- Other names: Brooke Eikmeier
- Occupations: Television and comic book writer
- Years active: 2001 - present

= Brooke Roberts =

American television and comic-book writer

Brooke Roberts is an American television and comic book writer.

She is known for her work on the ABC legal drama Boston Legal and for The CW's superhero series The Flash.

==Life and career==
She lived in France as a teenager.

Roberts served in the US Army as a cryptologic linguist in the Arabic language. She received an honorable discharge in September 2013.
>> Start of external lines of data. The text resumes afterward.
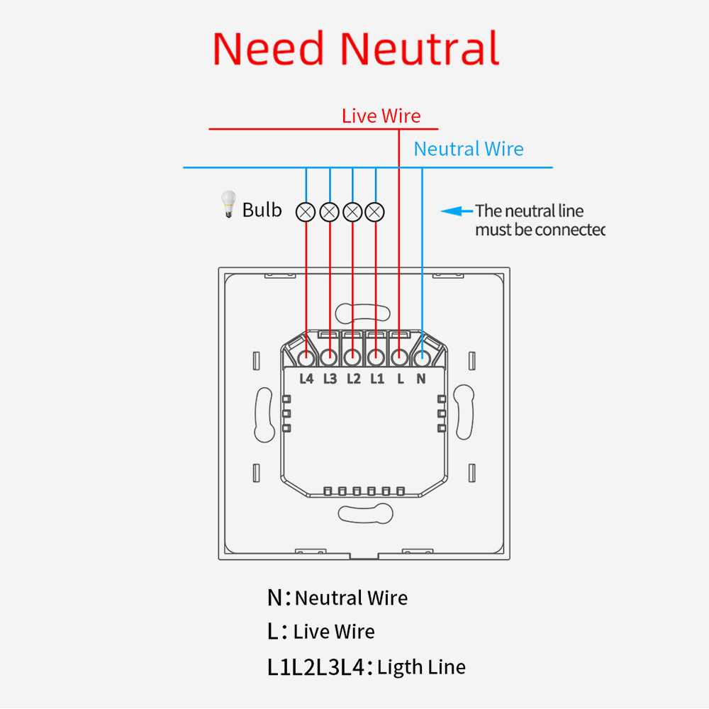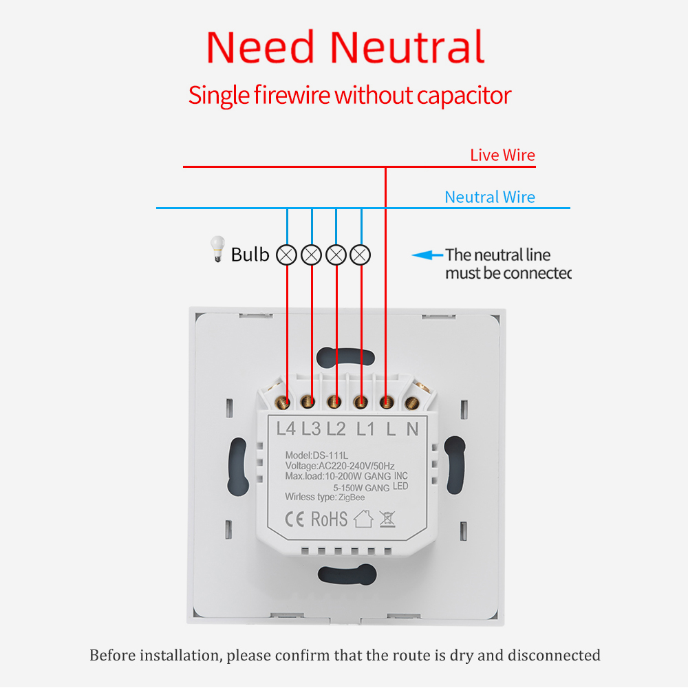 Note: Neutral wire is required in your switch boxes to operate correctly;only supports 2.4G network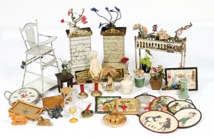 schönes Konv. Puppenstuben-Puppen, teils Brustblatt, mit Stoffkörper, oder Ganzbiskuit, zwischen 5 und 15 cm, bitte besichtigen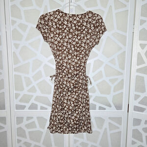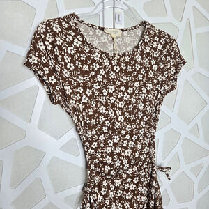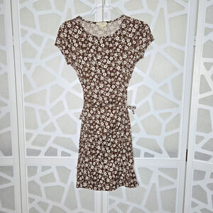 Jessica Simpson Brown Short Sleeve Floral Open Sides Mini Dress Size MD True Y2K Casual Cottage Ditsy Romantic Feminine Soft Girl Preppy Stretchy

Her first foray into show business was on the NBC sitcom Inside Schwartz, as a writers' assistant. Roberts went on to serve as an assistant to the writers of such series as 3-South, The Bernie Mac Show, Love, Inc., Family Guy and Boston Legal.

Her first television script was co-written, with Sanford Golden and Karen Wyscarver, for the Boston Legal episode "Tea and Sympathy".

===Alice in Arabia===
In March 2014, Eikmeier was embroiled in a controversy with her ABC Family pilot Alice in Arabia, which depicted the story of an American girl being swept from her status quo and placed with her extended family in Arabia. Days after ordering the drama to pilot, ABC Family rescinded it, claiming public backlash, due to the nature of the series' synopsis. Eikmeier wrote a comprehensive open letter to The Hollywood Reporter, stating that the public's perception had been misled by the network released statement. The series was shopped to other networks, with no apparent bidders.

===The Flash===
In summer 2014, Eikmeier was hired as a writer on The CW series The Flash. Her first episode contribution was with the series' fifth installment, "Plastique", which she co-wrote with co-executive producers Aaron and Todd Helbing. The episode features the first appearance of the titular villainess. Eikmeier and Ben Sokolowski co-wrote the teleplay, based on a story by co-developers Greg Berlanti and Andrew Kreisberg, of the series' eighth episode, "Flash vs. Arrow". It showcased a crossover with sister series, Arrow. She co-penned the 11th episode of the first season, "The Sound and the Fury", with consulting producer Alison Schapker. The installment showcased the introduction of rogue supervillain The Pied Piper. Eikmeier co-wrote a teleplay, with Kai Yu Wu, based on a story by story editor Grainne Godfree for the sixteenth episode, "Rogue Time". She re-teamed with Schapker for the first seasons' twentieth episode, "The Trap".

She, along with Katherine Walczak and Kreisberg, wrote the prequel comic book series The Flash: Season Zero, from September 2014 to January 2015.

Roberts was promoted to story editor in season two. She first co-wrote the season's sixth episode, "Enter Zoom"; along with executive producer Gabrielle Stanton, then co-wrote the 12th installment, "Fast Lane", with Kai Yu Wu and Joe Peracchio.